Constellation Ursa Minor (Little Bear)

Ursa Minor
Ursa Minor: IAU Constellation Map [150]

Properties

The constellation lies between Draco, Cepheus and Camelopardalis at the north celestial pole. This is currently only about 0.8° away from the bright star Polaris. Ursa Minor has roughly the same alignment as its larger relative Ursa Maior and is therefore easily recognizable. The area of the constellation is 256 square degrees and the center culminates around midnight on 13 May. [9, 15]

Stars with Proper Names:

  • α UMi: Polaris, Alruccabah, Cynosura, Phoenice, Lodestar, Pole Star, Tramontana, Angel Stern, Navigatoria, Star Of Arcady, Yilduz, Mismar
  • β UMi: Kocab, Kochab, Kochah, "Guards Of The Pole
  • γ UMi: Pherkad, Pherkad Major
  • δ UMi: Yildun, Vildiur, Gildun
  • 11 UMi: Pherkad Minor
Data for constellation Ursa Minor [150]
IAU NameUrsa Minor
IAU GenitiveUrsae Minoris
IAU Abbr.UMi
English NameLittle Bear
Season (47° N)January … December
Right Ascension00h 00m 00s … 24h 00m 00s
Declination+65° 23' 59" … +90° 00' 00"
Area256 deg2
Neighbours (N↻)Cep, Cam, Dra

Determine the Visual Magnitude Limit

Ursa Minor
Ursa Minor: Finder chart for the faintest, still visible stars [149]

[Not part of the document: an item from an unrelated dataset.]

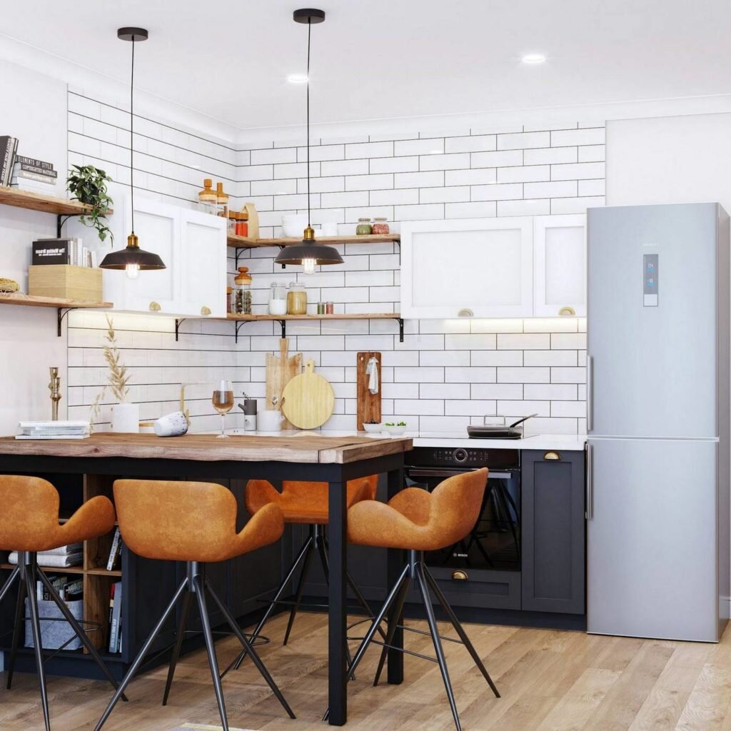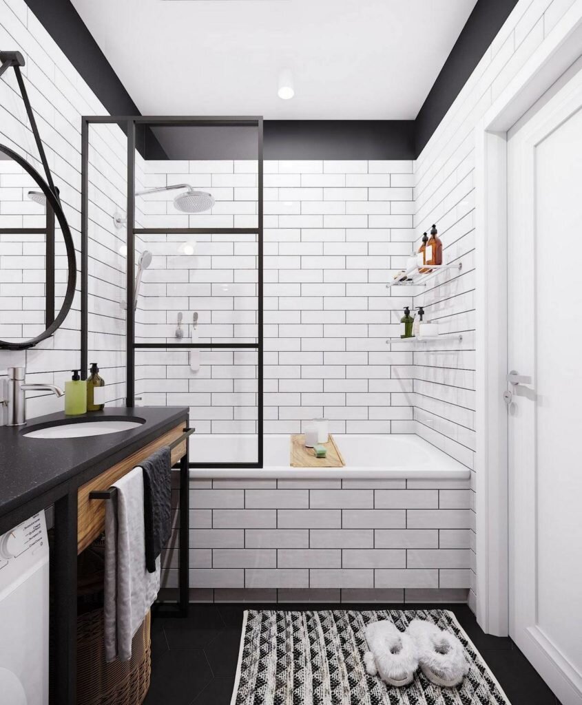 Черные аксессуары всегда отлично выделяются на фоне нейтрального белого, но важно не переборщить с их количеством, которое может захламить интерьер, который должен быть в первую очередь светлым и чистым.Популярным решением в скандинавском стиле является использование простой белой облицовочной плитки метро в качестве декоративного элемента.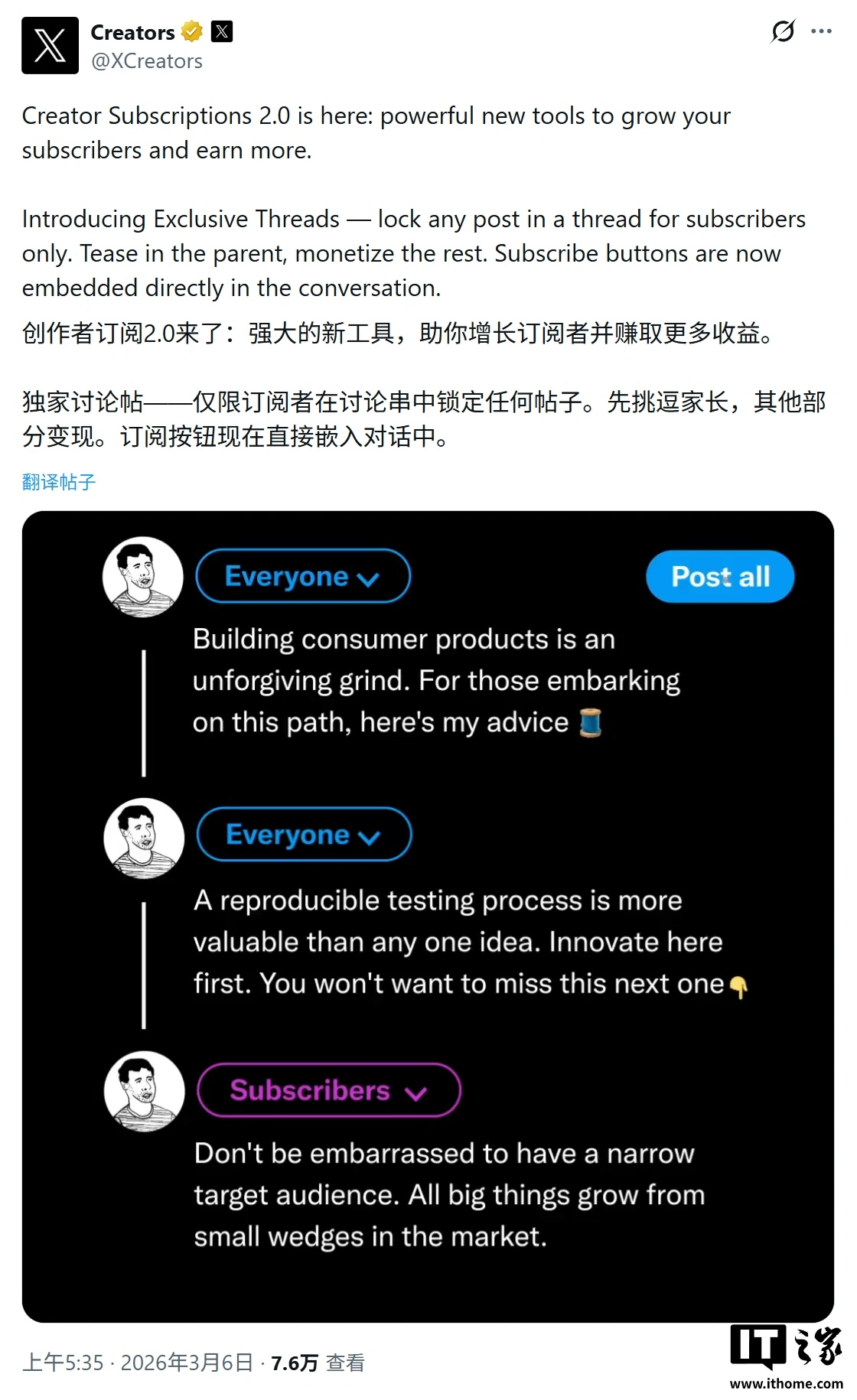 在本次服务升级中,最值得关注的是专属推文串(exclusive threads),创作者无需再将粉丝引流至外部网站或新闻简报,可以直接在 X 平台上实现内容变现。附上相关截图如下:

A "Wow!" night sky that is so clear and dark that the Milky Way runs from one horizon to the other and the space between the stars appears black and not blue has become rare. Sometimes there are only a few nights a year.

The quality of the night sky is mainly determined by the amount of water droplets and dust particles in the atmosphere; In addition, the sky is brightened by natural light (sun, moon, airglow) and artificial light (street lighting, advertising lighting, disco light shows). The higher the water and dust content in the atmosphere, the more susceptible it is to external lighting, as the light is scattered by these particles. This can be seen well at night in foggy car headlights and street lights.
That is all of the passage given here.